LOS 3300 Project Management (4 Credits)
Work in organizations, or in the collaboration among organizations is often structured as projects. Almost any individual in an organization can be called upon to participate in or lead a project. Projects have deliverables that must be met within an agreed-upon time frame and budget. In this course, students learn the basic concepts and processes of project management including how to establish standards of performance, allot time, calculate costs, develop work-break-down structures, and delineate critical pathways. Students also learn about software tools available to plan and track successful projects to completion. Work in organizations, or in the collaboration among organizations, is often structured as projects.

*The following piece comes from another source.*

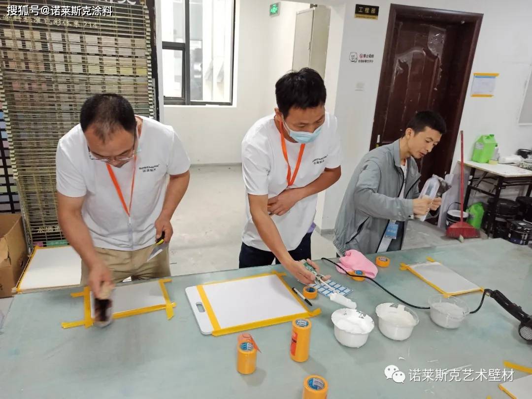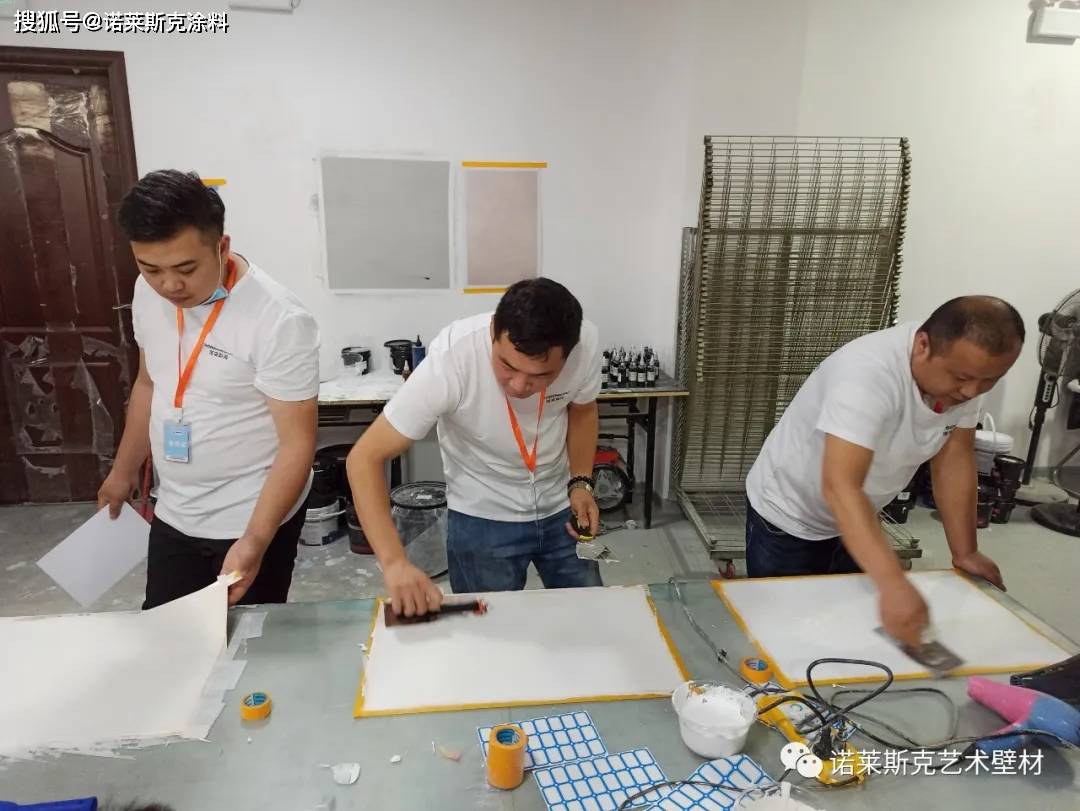 本次艺术涂料培训,重点对墙艺师的工艺进行培训指导,主要采取现场教学+实操的方式,由培训老师现场将工艺的施工步骤、技巧、注意事项通过演练跟大家进行详细的讲解。

Almost any individual in an organization can be called upon to participate in or lead a project. Projects have “deliverables” that must be met within an agreed-upon time frame and budget. In this course, students learn the basic concepts and processes of project management: how to establish standards of performance, allot time, calculate costs, develop work breakdown structures, delineate critical pathways, enlist people and resources, and motivate accomplishment.
LOS 3325 Applied Project Management II (4 Credits)
This applied project management course is a continuation of concepts learned in LOS 3300 Project Management and focuses on project management strategies and tactics, including understanding data, tracking, and software used to manage projects. A project will be managed from conceptualization to evaluation, and will employ hands-on use of project management tools to execute projects related to their major. Students focus on real-world examples, best practices, and have the opportunity to develop, deploy, and evaluate project management tools and technologies. Prerequisite: LOS 3300.
LOS 3326 Applied Project Management II Lab (1 Credit)
Taken in conjunction with LOS 3325 Applied Project Management, this course provides students with hands-on use of project management tools to execute projects related to their major. Students focus on real-world examples, best practices, and have the opportunity to develop, deploy, and evaluate project management tools and technologies. Prerequisite: LOS 3300.